» What the task requires: Spot each line in the records below where the word "from" occurs, then copy it.

» Data provided:
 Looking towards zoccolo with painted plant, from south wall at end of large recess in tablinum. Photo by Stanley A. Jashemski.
...
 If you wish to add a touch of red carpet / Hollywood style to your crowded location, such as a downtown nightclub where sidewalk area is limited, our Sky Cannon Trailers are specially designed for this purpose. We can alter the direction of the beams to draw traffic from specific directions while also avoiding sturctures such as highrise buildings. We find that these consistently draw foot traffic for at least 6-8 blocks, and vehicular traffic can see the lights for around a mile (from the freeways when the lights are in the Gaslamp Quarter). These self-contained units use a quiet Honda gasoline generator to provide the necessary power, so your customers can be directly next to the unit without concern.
...
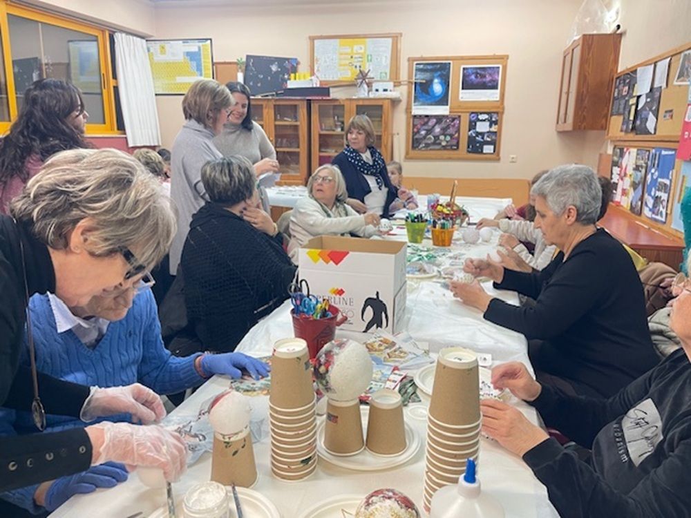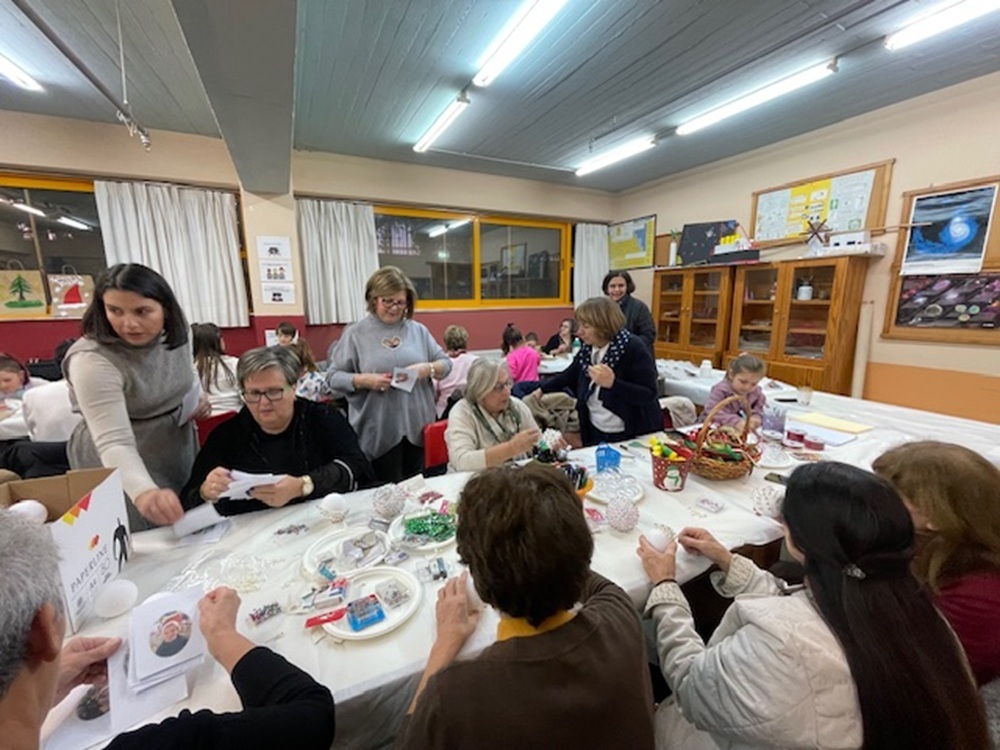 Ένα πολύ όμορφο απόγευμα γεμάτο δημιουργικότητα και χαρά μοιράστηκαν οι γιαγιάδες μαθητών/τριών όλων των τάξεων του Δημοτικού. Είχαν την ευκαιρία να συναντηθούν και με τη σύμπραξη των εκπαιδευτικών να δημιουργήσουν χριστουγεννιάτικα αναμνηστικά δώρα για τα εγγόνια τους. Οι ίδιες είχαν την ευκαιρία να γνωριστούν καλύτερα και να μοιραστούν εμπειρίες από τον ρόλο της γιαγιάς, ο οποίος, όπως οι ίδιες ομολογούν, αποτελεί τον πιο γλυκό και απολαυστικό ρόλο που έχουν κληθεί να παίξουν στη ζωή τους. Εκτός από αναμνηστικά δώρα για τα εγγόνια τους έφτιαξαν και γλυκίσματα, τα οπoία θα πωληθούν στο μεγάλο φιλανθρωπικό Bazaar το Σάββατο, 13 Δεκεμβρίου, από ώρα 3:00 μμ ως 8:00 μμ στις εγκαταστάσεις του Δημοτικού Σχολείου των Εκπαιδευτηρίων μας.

» Response:
 Looking towards zoccolo with painted plant, from south wall at end of large recess in tablinum. Photo by Stanley A. Jashemski.
 If you wish to add a touch of red carpet / Hollywood style to your crowded location, such as a downtown nightclub where sidewalk area is limited, our Sky Cannon Trailers are specially designed for this purpose. We can alter the direction of the beams to draw traffic from specific directions while also avoiding sturctures such as highrise buildings. We find that these consistently draw foot traffic for at least 6-8 blocks, and vehicular traffic can see the lights for around a mile (from the freeways when the lights are in the Gaslamp Quarter). These self-contained units use a quiet Honda gasoline generator to provide the necessary power, so your customers can be directly next to the unit without concern.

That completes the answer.